Balzac, Le père Goriot, p. 46-47 de l'édition Folio.

17 septembre 2007

Huis clos autour d'une passion presque éteinte

Les braises,
de Sandor Maraï


J’ai découvert ces jours-ci, une nouvelle fois grâce à ma chère marraine, l’écrivain hongrois Sandor Maraï (1900-1989). Les braises : voici ce qui reste, au petit matin froid, de la généreuse flambée qui la veille animait le foyer. Les braises (1942) est un roman de la passion consumée.

« Si nous examinons notre propre cœur, qu’y trouvons-nous ? De la passion ! Il faut aussi que nous sachions que la vieillesse n’est jamais harmonieuse. Le temps peut affaiblir mais n’arrive jamais à étouffer les passions […] Elles n’ont, en effet, plus beaucoup de sens. Néanmoins, elles restent dans notre cœur. Pour quelle raison attendre autre chose du monde, de ce monde rempli de désirs inconscients, de passions et de violences ? […] Seules les passions vivent, nous brûlent et en appellent au ciel… » (p. 190-191)

La structure de l’œuvre est celle d’un huis clos entre deux vieillards à l’aube de la mort. Elle respecte scrupuleusement les cadres du théatre classique : unité de temps – une journée, prétexte à l’évocation de toute une vie, unité de lieu – une pièce qui porte en elle le souvenir d’un monde disparu, et d’un jour décisif entre tous. Structure théatrale qui semble faire écho à la vie intime du personnage du général, que l’auteur s’est choisi pour point de focalisation : ne soigne-t-il pas la mise en scène de la rencontre, comme s’il s’agissait ce soir-là de la dernière représentation sur la scène de son existence consumée ? A juste titre, le général se prépare à assister au dénouement de l’intrigue de sa propre vie, la dernière scène dont il a passé quarante ans à repasser les dialogues et les détails...

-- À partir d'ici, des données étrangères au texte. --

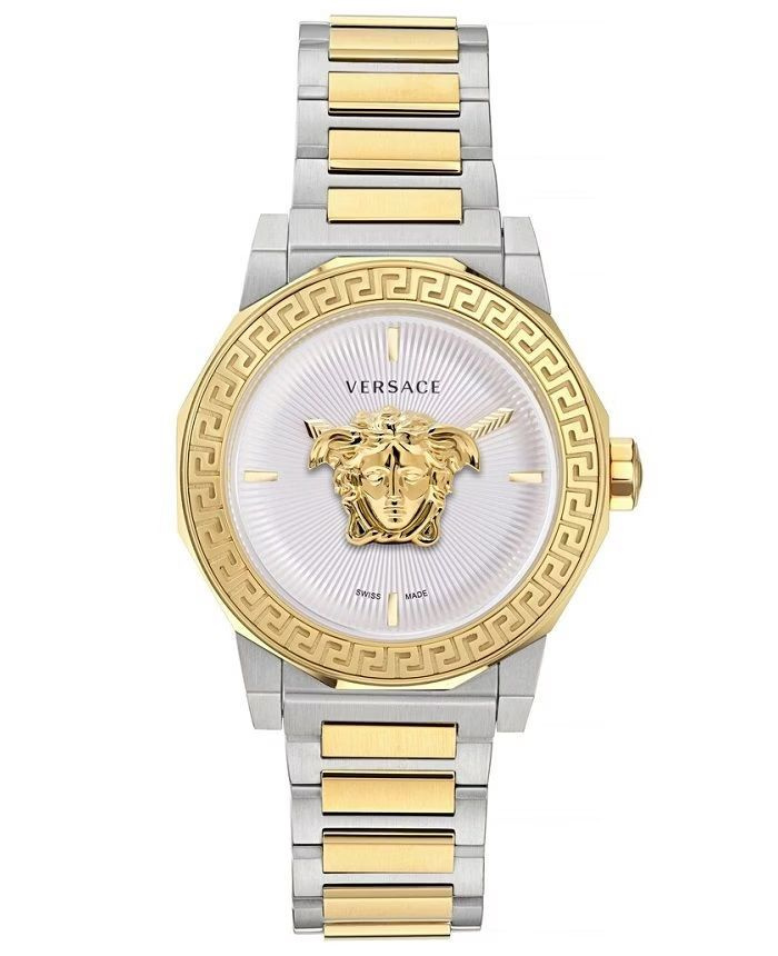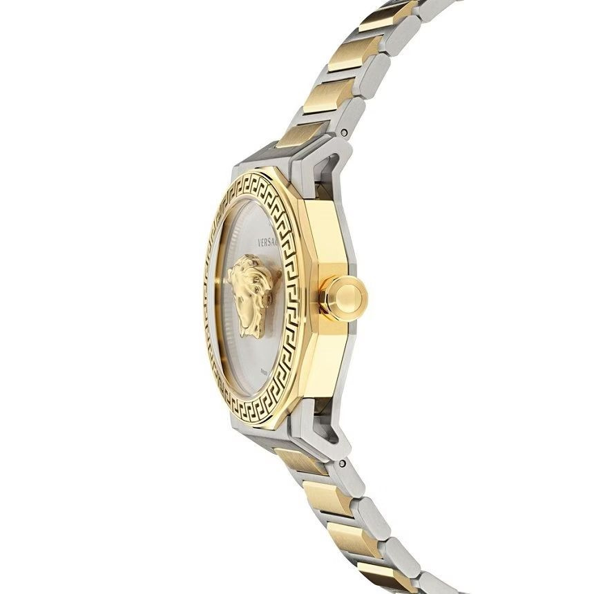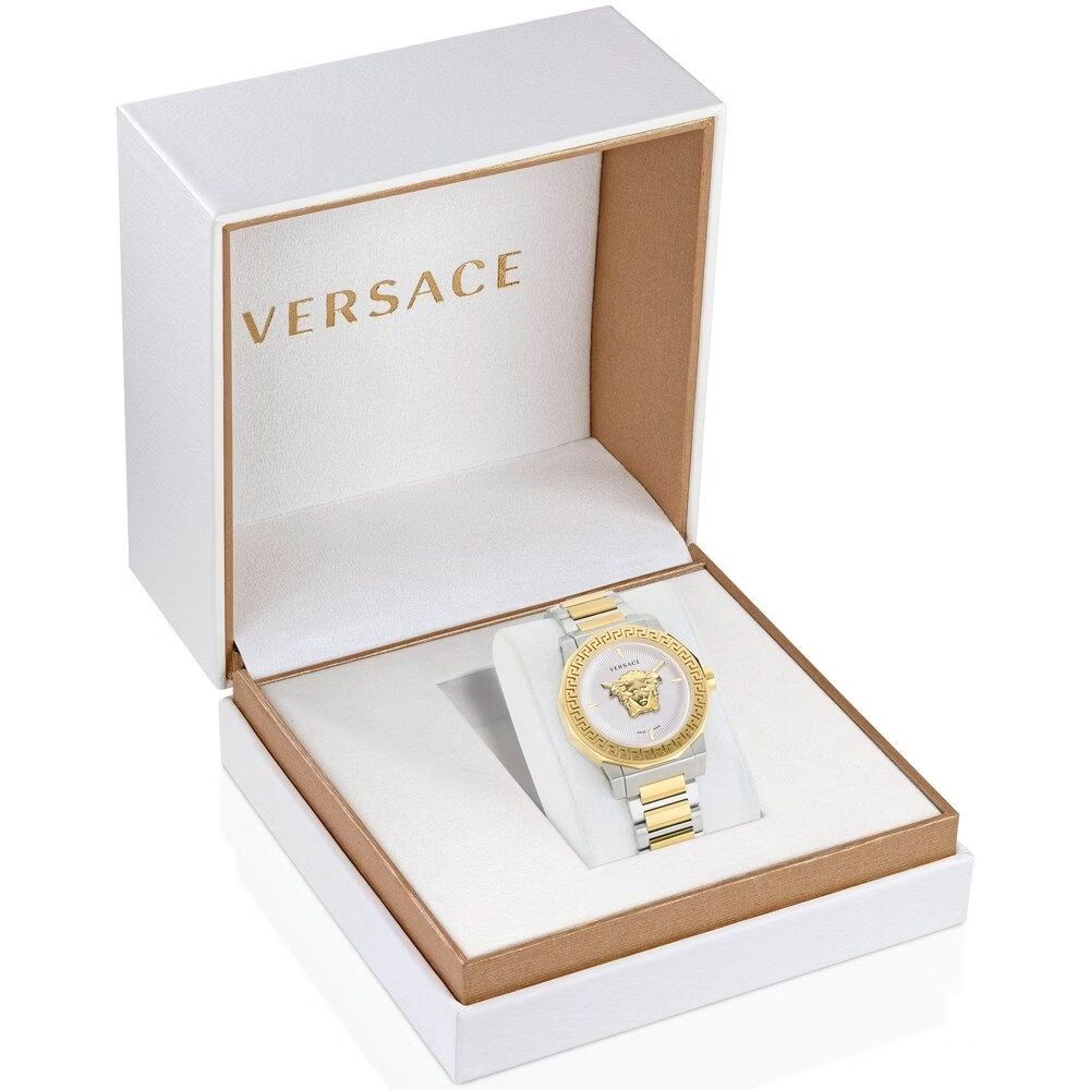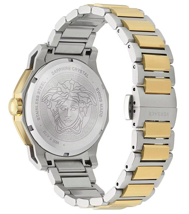 Koperta: Ośmiokątna, wykonana ze stali nierdzewnej z wyrazistym złotym wykończeniem. Obrzeże zdobi charakterystyczny grecki motyw Meander – znak rozpoznawczy marki Versace.

La maîtrise romanesque de Maraï est impressionnante. L’unité de temps et de lieu concentre et déploie effectivement une fresque d’une surprenante densité. Ce roman peu épais (220 pages) enferme l’évocation nostalgique d’un monde disparu, les rêves de puissance d’une Europe dont la grandeur s’efface dans les désillusions, qui rappelle Zweig (en mieux) et Musil (dans un autre genre !). Mais ces bribes de grand roman historique ne prennent leur sens que dans le face à face du général et de Conrad.

Le lecteur découvre peu à peu, au fur et à mesure du déroulement de la journée, la nature du drame qui s’est noué, il y a plus de quarante ans, entre les deux personnages – et dont je ne veux révéler précisément que les contours pour préserver le plaisir de la lecture. Au-delà du thème de la trahison, l’intrigue se noue autour de celui de la passion. L’amitié comme passion, qui recherche sa consommation dans l’autre, qui brûle et dévore de sentiments contradictoires, qui suffit à faire basculer l’existence d’un homme !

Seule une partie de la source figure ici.